No Oce itu punya empat saudara kakak. Ada Os, Onsi, Ela dan si sulung Simon. Ada pula dua adik sesudahnya, Ince dan Nani si bungsu. Entahlah suasana hati seperti apakah yang dirasakan oleh ade-kaka ini setelah terdengar berita resmi bahwa No Oce, saudara mereka, dipilih untuk emban tugas dan jabatan sebagai seorang Uskup?

Bagaimana pun No Oce terlahir dan dibesarkan dalam alam dan suasana Waibalun dan khusus dalam suasana keluarga seorang tukang kayu, Bapak Etu dan Mama Sea. Ada kesaksian yang punya tutur, No Oce itu adalah ‘anak pantai’ yang gemar ‘mandi laut,’ apalagi setelah ‘tiap kali pulang cari kayu api di gunung.’

Setelah jadi ‘anak seminari’ di San Domingo – Hokeng, saat pulang libur ke Waibalun, No Oce ini tak lupa akan kebiasaan untuk bantu ‘titi jagung’ atau juga, sebagai anak tukang kayu, ia bantu bapanya urus mebel sekadar ‘pasang pintu, jendela.’ Mari ke kisah lain…

Di tahun 2018, setelah ikuti acara 60 tahun Tarekat Putri Renha Rosari (PRR) di Lebao-Larantuka, beberapa konfrater SVD sempat mampir di rumahnya Pater Budi, yang baru saja terpilih jadi Jenderal SVD. Ini sekadar ingin bersua dengan Mama Sea dan keluarganya Pater Budi. Saya, waktu itu, sempat bilang ke Mama bahwa Pater Budi baru-baru ini ada di Ruteng. Ada ikut perayaan 25 tahun Novisiat SVD Sang Sabda di Kuwu. Lalu?

Reaksi Mama Sea di luar dugaan. Lupa kalimat aslinya bagaimana. Tapi isinya kira-kira begini, “Dia ini jalan-jalan terus saja.

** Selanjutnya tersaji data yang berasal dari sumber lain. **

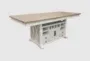Transform your dining room or kitchen with the Amery White + Brown Multicolor Wood Two Tone 72-90" Kitchen Island Counter Height Table. Perfect for food prep and serving, this rectangle-shaped table combines Cotton-colored wood with practical storage solutions. Enjoy the convenience of wine storage, drawers, and adjustable features in one stylish piece.
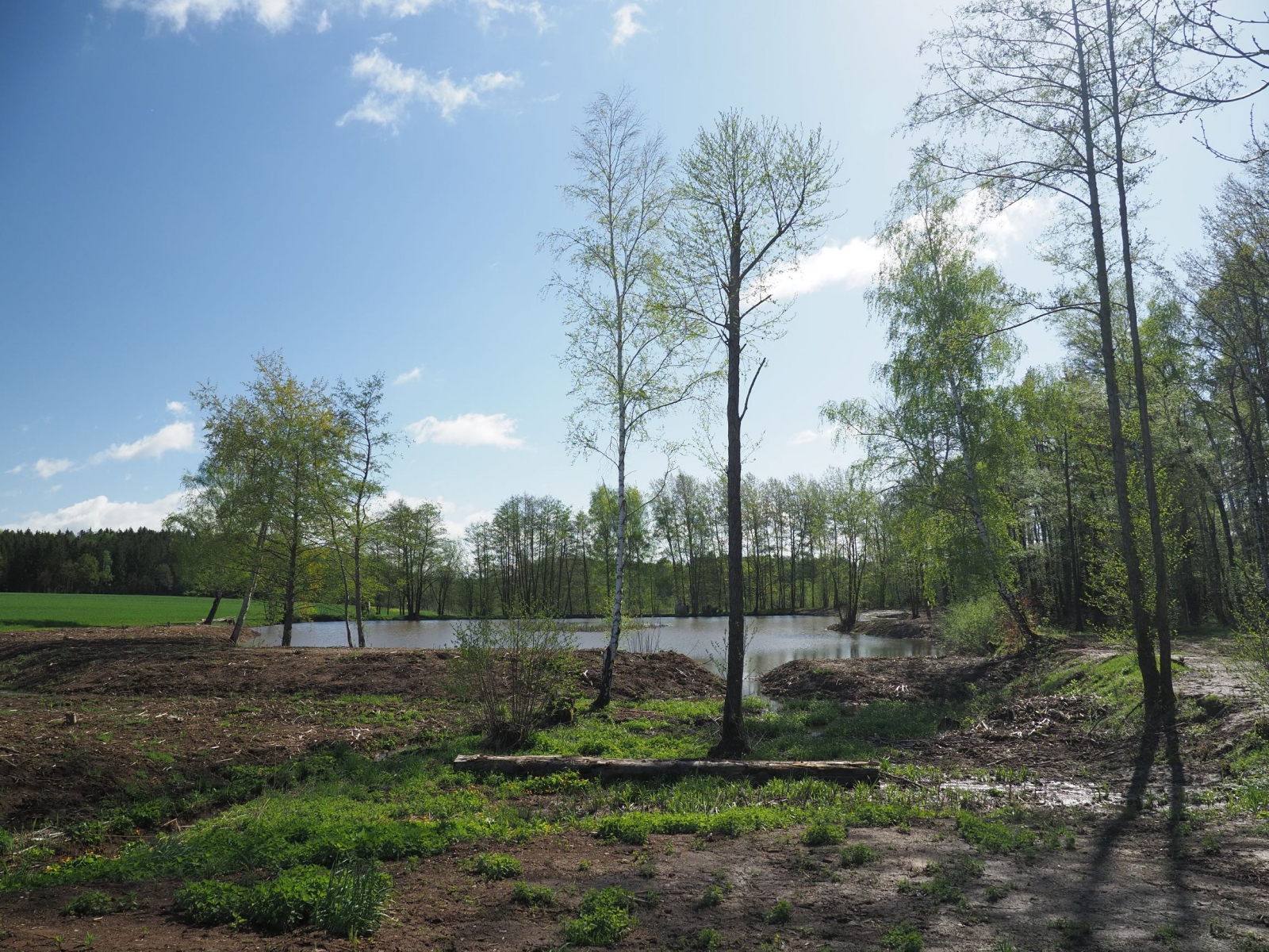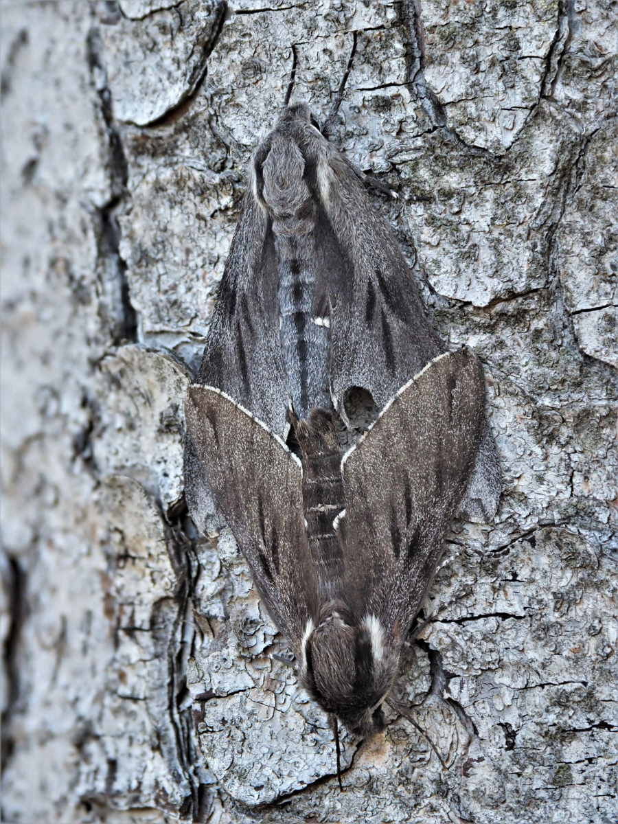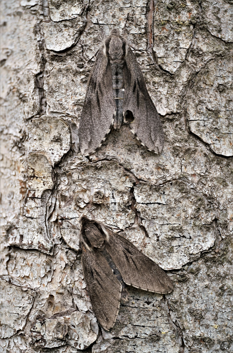 In unserem Nachbarort war im Winter eine Teichgruppe saniert worden. Wir wollten uns mal umschauen, wie sich das Ganze bis jetzt entwickelt hat. Auf dem Weg dahin fanden wir zwar keine Pilze, aber am Stamm einer Fichte paarten sich gerade prächtige Kiefern-Schwärmer. Die Länge über beide Körper betrug etwa 9 cm! Obwohl diese Schmetterlinge nicht selten sein sollen, bekamen wir sie zuvor noch nie zu Gesicht. Kein Wunder bei diesem Tarnkleid. Am Nachmittag suchte ich die Fichte nochmal auf, um diesmal Fotos vom Stativ aus zu machen. Die Schwärmer waren noch vor Ort, aber der böige Wind ließ auch diesmal keine maximal scharfen Fotos zu
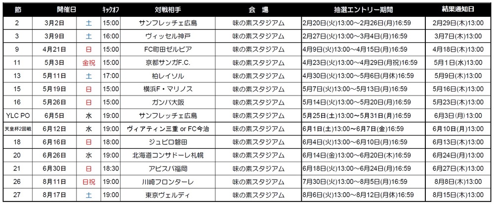 6月5日(周三)2024 J联赛YBC Levain杯 季后赛阶段 第1战vsSanfrecce广岛(19:00开球/味之素体育馆)、6月12日(周三)天皇杯 JFA 第104届全日本足球锦标赛 第2轮vsVeertien三重或FC今治(19:00开球/味之素体育馆)的抽签报名期间已记载。
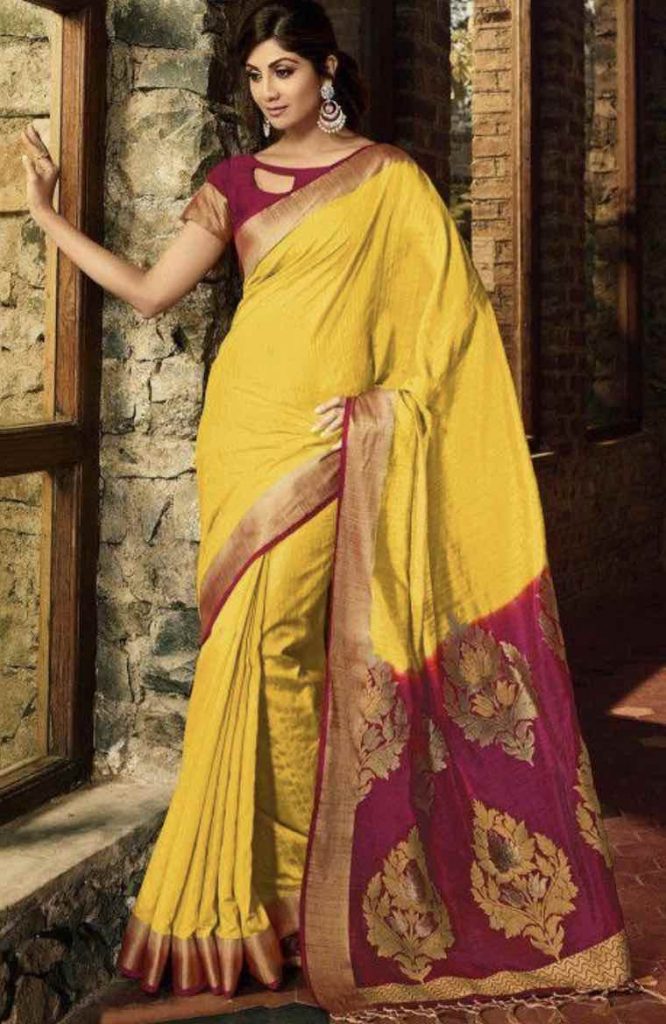 Check out this latest Bhagalpuri saree design. This eye-catching saree has intricate design patterns done on the borders that are guaranteed to draw a lot of attention to you. The yellow, brown, and green colours displayed on this saree blend well together to bring out the beauty of the saree. Wear it with a matching blouse with minimal accessories so as not to overcrowd the attire.
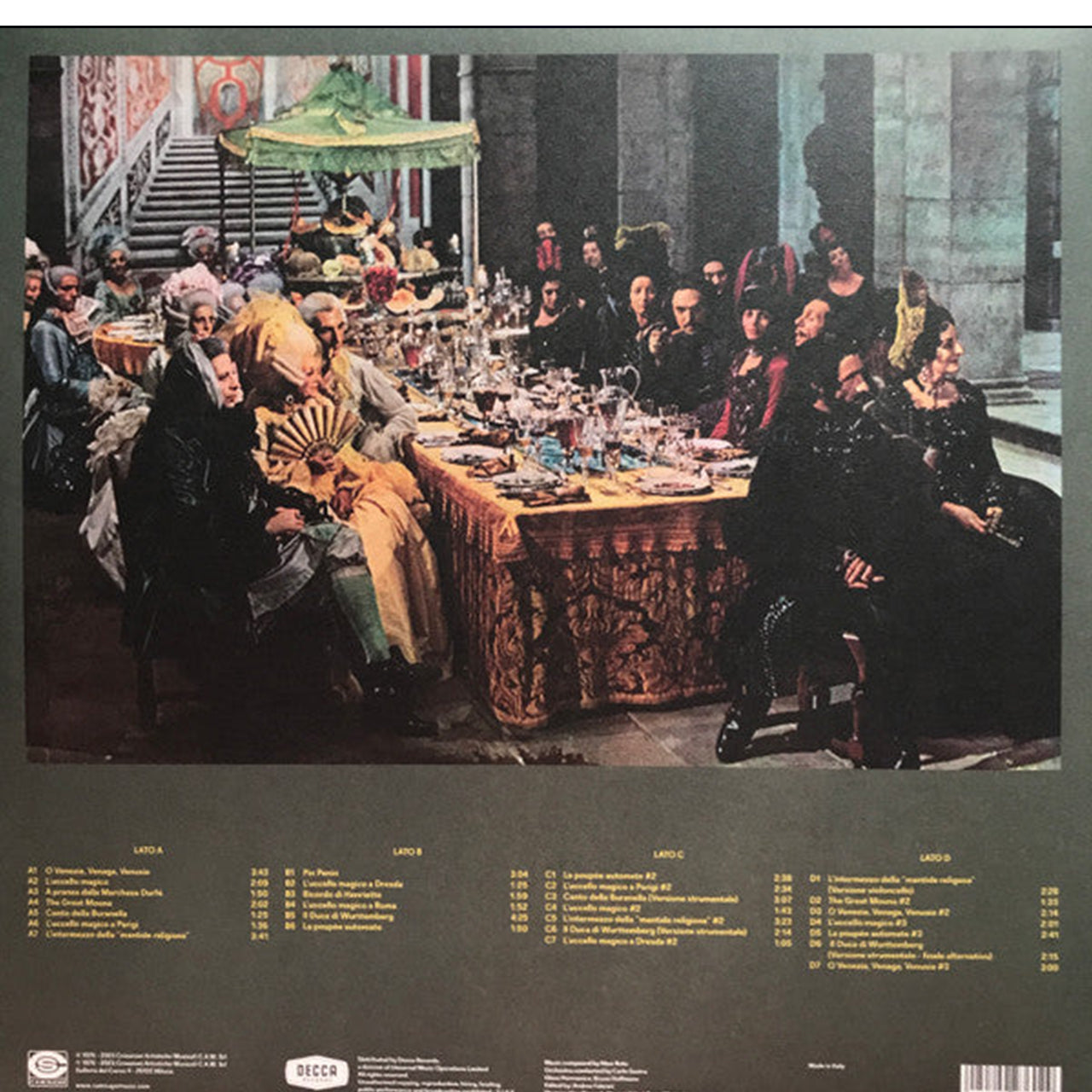 Вінілове видання [2LP] підкреслює акустику оркестрового запису: уважний мастеринґ, низький рівень поверхневих шумів і широкий динамічний діапазон дають природну сцену, повітря між інструментами та багатий тембр струн і клавесина і водночас забезпечує збалансоване звучання на домашніх аудіосистемах. Якісне пресування та розширене оформлення роблять реліз придатним як для колекційної полиці, так і для уважного прослуховування — еталонний вибір для шанувальників саундтреків, класичної музики та італійського арт-кіно.

Lalu bagaimana dengan frater-frater?” Sepertinya Mama Sea sedikit ‘protes’ jika anaknya, Oce, takutnya kurang fokus dengan tugas-tugas pokok untuk harus lebih banyak berada bersama frater-frater. Bukan ‘hanya maen jalan-jalan saja.’

Di perjalanan tinggalkan Waibalun, dalam mobil, kami hanya senyum-senyum campur ‘pica ketawa’ juga. “Ole…Budi, Jendral kita ini, diprotes oleh mamanya, karena dianggap ‘kerjanya hanya jalan-jalan saja tu.’

Padahalnya, salah satu tugas seorang anggota Dewan Jendral, apalagi seorang Jendral, memang ‘harus jalan-jalan untuk teguhkan anggota Serikat demi semangat hidup religius-misoner. ‘Kerja jalan-jalan’ seperti ini tentu amat bermakna. Mari kita lanjut…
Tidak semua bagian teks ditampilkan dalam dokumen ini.